Less known, perhaps, is that Downie casts a wide net as within the nonprofit sector of journalism. He's on the board of Investigative Reporters and Editors, which has incorporated panels on the nonprofit model in its conferences. He's also a board member at the Center for Investigative Reporting, which recently launched California Watch to cover money and politics at the state level. And he chairs the journalism advisory committee at Kaiser Health News, which has provided niche explanatory reporting to leading newspapers, including the Post.

Looking across the sector, Downie sees great potential -- and some big, unanswered questions.

On the upside, nonprofits are helping journalism move toward a more collaborative model, Downie said. In the old days, newspapers resisted ideas and assistance from outside. But in the new news ecosystem, collaboration is a way of life. “All of our ideas have been changed about that," he said.

Also a plus: Big foundations and the public at large are warming to the idea that news organizations are deserving of their support, just like the symphony or any other nonprofit that contributes to society's cultural assets. “There’s a question of whether there’s enough public realization," Downie said. "I think we’re heading to that direction. Awareness is growing steadily.”

But a lot of questions still must be sorted out, Downie said.

High on the list, he said, is the most basic of all: Where will the money come from? Like other nonprofits, nonprofit news organizations will have to find the right mix of foundation money, grassroots support, advertising, and perhaps additional government support, he said.

That leads to the other big question of sustainability: It's not clear that all the nonprofits that have launched in recent years will survive. “How many will succeed and for how long?” Downie wondered. A related question: How will the collaborative model will settle out, and where nonprofits will find productive niches?

Downie said he also has been watching nonprofits wrestle with the issue of credibility -- how to achieve it and how to keep it.

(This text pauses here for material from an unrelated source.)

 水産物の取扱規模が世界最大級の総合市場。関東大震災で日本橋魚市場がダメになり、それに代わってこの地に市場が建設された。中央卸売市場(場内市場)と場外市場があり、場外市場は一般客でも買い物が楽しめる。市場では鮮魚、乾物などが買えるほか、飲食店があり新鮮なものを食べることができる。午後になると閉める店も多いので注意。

The answer begins with editorial independence and transparency about financial supporters, Downie said. But when it comes to painting a bright line between journalism and ideology, advocacy or spin, there are no magic formulas to assure readers -- just the experience of trial and error.

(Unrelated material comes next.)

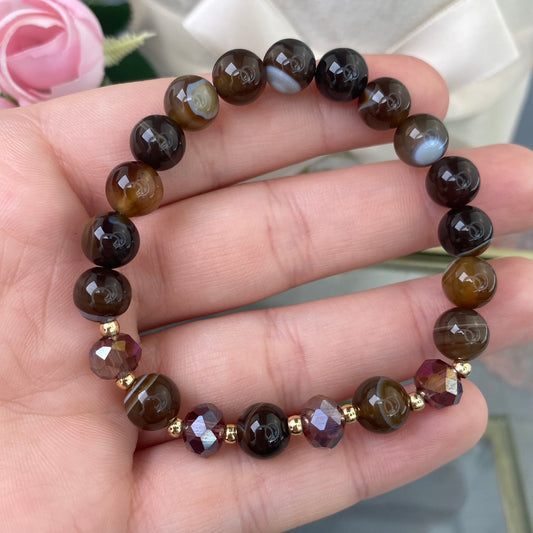 Ahāta rokassprādze ar dekoratīviem kristāliem (Ahāts 8mm)

“It’s one of these things that’s proven by its exceptions," Downie said. "When there’s an exception, it’s a scandal.”

Wednesday, March 24, 2010

AOL's Foray Into Nonprofit Journalism

Big, pathbreaking news from AOL. The company announced this afternoon that its Patch Media subsidiary is launching a nonprofit subsidiary, Patch.org, to provide hyperlocal coverage to underserved communities.

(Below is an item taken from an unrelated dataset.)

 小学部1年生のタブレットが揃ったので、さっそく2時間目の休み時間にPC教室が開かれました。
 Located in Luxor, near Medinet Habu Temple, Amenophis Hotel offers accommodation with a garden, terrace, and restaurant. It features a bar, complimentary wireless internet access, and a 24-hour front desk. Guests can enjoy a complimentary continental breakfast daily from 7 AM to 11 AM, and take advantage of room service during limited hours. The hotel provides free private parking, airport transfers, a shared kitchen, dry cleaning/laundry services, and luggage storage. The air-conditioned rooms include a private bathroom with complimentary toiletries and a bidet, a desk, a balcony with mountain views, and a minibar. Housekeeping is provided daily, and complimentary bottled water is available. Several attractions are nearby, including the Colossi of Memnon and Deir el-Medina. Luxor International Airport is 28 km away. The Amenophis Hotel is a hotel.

According to the announcement: "Patch.org will partner with community foundations and other organizations to launch Patch sites and bring objective local news and information to communities and neighborhoods around the world that lack adequate news media and online local information resources."

This is a significant development because by creating a nonprofit hyperlocal operation to match its for-profit cousin, AOL gives us proof of concept that nonprofits can complement for-profit media by delivering value that for-profits cannot. We've seen the dynamic at work in other cases -- but usually when a nonprofit hands over a story to an independent, for-profit partner that no longer can afford to do all the enterprise journalism that it would like.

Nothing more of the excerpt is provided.